Merhaba, bugün size bir paranormal hikâye anlatacağım. Ben bir Bulgaristan Türküyüm ve bu hikâye, benim yaşamadığım ama yıllar önce ölen bir büyüğümün yaşadığı bir olayı anlatıyor. Şimdi o anlatıyormuş gibi yazacağım.
Saat gece 3-4 civarıydı. Cumayanı (Fotinvo)’ndan dönüyordum. Cumayanı ile köyüm Ayvacık (Dyulitsa) arası biraz uzun mesafededir. Yol akşamları ıssız olurdu; kurtlar ve domuzlar yola inerdi. Ama o akşam hiç kurt uluması veya domuz sesi duymamıştım. Sessizlik çok baskındı. Köye doğru koşar adımlarla yürüyordum.

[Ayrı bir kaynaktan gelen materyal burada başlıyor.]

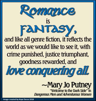 Romance is fantasy, and like all genre fiction, it reflects the world as we would like to see it, with crime punished, justice triumphant, goodness rewarded, and love conquering all. Characters are larger than life, with stronger passions, blacker faults, and brighter virtues. . . .

Bir anda arkadan bir taş geldi. Arkama döndüm, sürü halinde şerli varlıklar beni kovalıyordu. Ne yapsam kaçamıyordum. İyice hızlanmaya başladım; onlar da hızlanmaya başladı. Aynı zamanda beni arkadan taşlıyorlardı. Taşlar, normalden daha fazla acıtıyordu. Saatlerce beni kovaladılar.

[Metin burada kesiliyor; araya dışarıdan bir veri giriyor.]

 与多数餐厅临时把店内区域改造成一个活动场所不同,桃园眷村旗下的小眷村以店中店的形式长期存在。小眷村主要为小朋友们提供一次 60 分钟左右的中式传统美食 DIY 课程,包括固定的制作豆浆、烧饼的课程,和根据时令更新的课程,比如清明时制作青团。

En sonunda sabah ezanı okundu. Ben de köyüme çok yakın olan Çingene köyüne girdim koşarak. Sağ olsunlar, beni evlerinde ağırladılar. O akşam korkudan orada kaldım. Sabah kalktığımda yüzüm acayip bir şekilde şişmişti. Yüzümün her tarafı uçuklamıştı. Sonra köyüme gittim. Bir daha da böyle bir olay yaşamadım, ama hala korkuyorum.